Two options with the same consequence
The Swiss are a shrewd people. The Federal Council’s tactic could be to sign off on EU concessions concerning the three side issues – wage protection in the context of cross-border work, the relevance of the EU Citizenship Directive and the prohibition of state aid – in order to save face vis-à-vis Brussels. This would pass the hot potato on to Parliament. If Parliament votes yes, there will likely be a mandatory referendum, requiring a double majority of the voters and of the cantons. The InstA supporters have been purporting that the majority of the cantons will not be required. However, in view of two precedents, the votes on the Free Trade Agreement with the EEC of 1972 and on the Agreement on the European Economic Area of 1992, this cannot seriously be doubted. In light of the general mood, it cannot be ruled out that the InstA would be rejected in a referendum. On the other hand, the EU could also be unwilling to accommodate Switzerland on the three side issues. In that case, the Federal Council would have no choice but to stop the negotiations. In both constellations, as in the Monopoly game, the Federal Council would have to go back to the start. Realistically, two options would then present themselves: Docking with the ESA and the EFTA Court or negotiating a trade agreement without institutions.
Ukraine or not, the EU still has a big role to play in the future UK politics – more than I think the Swiss would be happy with if they try to emulate the EU-UK-TCA.
I select a few quotes from the Q&A of the EU-Commission.
Firstly the ability to cancel all or part of the agreement is not lacking.
“Will the UK still be bound by EU climate change targets and policies?
The UK will define its own climate change targets and policies.
However, the Agreement establishes an ambitious framework for cooperation in the fight against climate change. Under the Agreement, both sides agree that the fight against climate change, and in particular the 2015 Paris Agreement on climate, constitute an essential element of their partnership. Any violation of this essential element by one Party gives the other Party the right to terminate or suspend all or parts of the Agreement.”
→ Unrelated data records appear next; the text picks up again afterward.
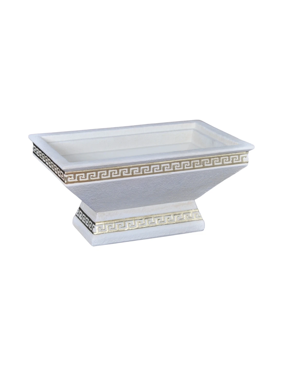 Vasque rectangulaire blanche avec ornements dorés, style Grèce antique, H: 0,39 m
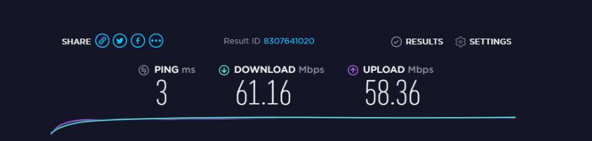 После настройки я конечно же запустил тест скорости подключения к интернету. Вот такие результаты: в диапазоне 5 ГГц на iPhone X:
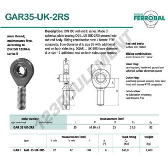 La Rotule Ge connue sous la référence GAR35-UK-2RS-DURBAL, de la marque DURBAL possède un diamètre intérieur de 35mm, un diamètre extérieur de 82mm et une épaisseur de 25mm.

Secondly, and not surprising given the UK’s oft repeated musings about getting a competitive advantage by lowering standards we have some of the LPF provisions which contain a commitment to non-regression.
“How will you ensure that the EU’s high social and labour, as well as environmental and climate levels of protection will be upheld?
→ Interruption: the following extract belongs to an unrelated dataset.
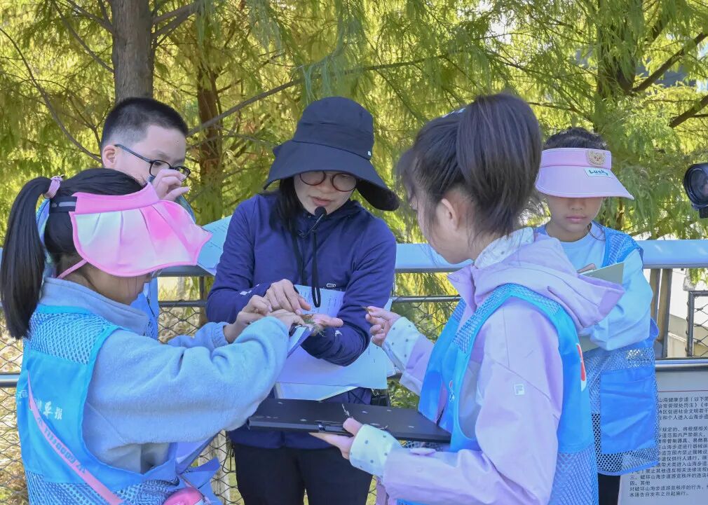 阳光穿过枝叶,在步道上洒下跳动的金箔,孩子们踮脚触摸叶片,感受 “秋日暖阳的触感”

Citizens in the EU and in the UK benefit from some of the highest labour and social standards and environmental and climate committments in the world. The respect of these standards and rules can come with costs for businesses, but since they are followed by the economic actors in the EU’s Single Market, there is no risk of distorted competition. Since the UK, as a neighbouring third country, gains access to the EU’s market without tariffs or quotas, the Parties have agreed to continue upholding the current high levels of protection to avoid unfair competitive advantages from the lowering of their levels of protection. To that extent, a binding and enforceable commitment of non-regression was included in the chapters dedicated to labour and social standards as well as environment and climate, ensuring that the current levels of protection in the EU and in the UK will continue to be upheld. Each Party also committed to seek to increase over time its levels of protection in these areas.”
And other LPF enforcement provisions allow the EU to retaliate against any attempt by the >UK (and vice-versa) to circumvent the LPF provisions.
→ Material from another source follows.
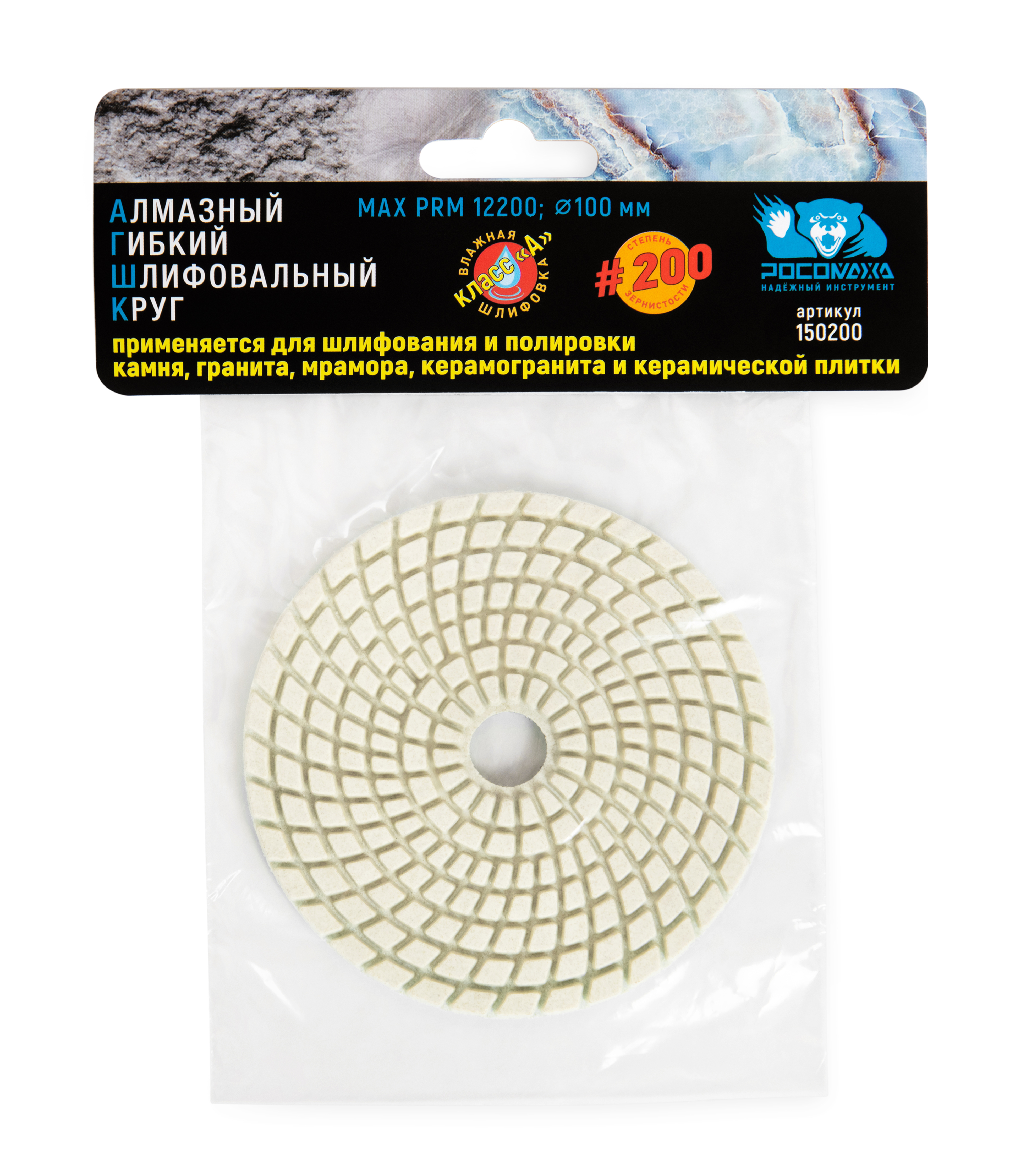 Алмазный гибкий шлифовальный круг 100 мм мокрая шлифовка зерно 200 "РОСОМАХА"

“What happens if one side unilaterally distorts the level playing field?
The EU and the UK agreed to effective tools and mechanisms for the enforcement of their level playing field commitments, namely:
Effective implementation domestically, including the control of subsidies by domestic authorities and courts, and a role for an independent authority or body, and appropriate administrative and judicial proceedings in the areas related to labour and social standards, environment and climate;
Appropriate and effective governance and dispute settlement mechanisms for solving disputes between the EU and the UK over the application of the Agreement, including through the horizontal dispute settlement mechanism or tailored panel of experts;
Unilateral remedial measures to react quickly where a subsidy creates a significant negative effect on trade or investment between the EU and the UK. would retain appropriate level playing field commitments.” In such cases, a Party would be able to adopt measures to rebalance the competitive advantage of the other Party.
By addressing the possibility of regulatory divergence at any point in time, this mechanism allows for the future-proofing of level playing field provisions to maintain open and fair competition over time. …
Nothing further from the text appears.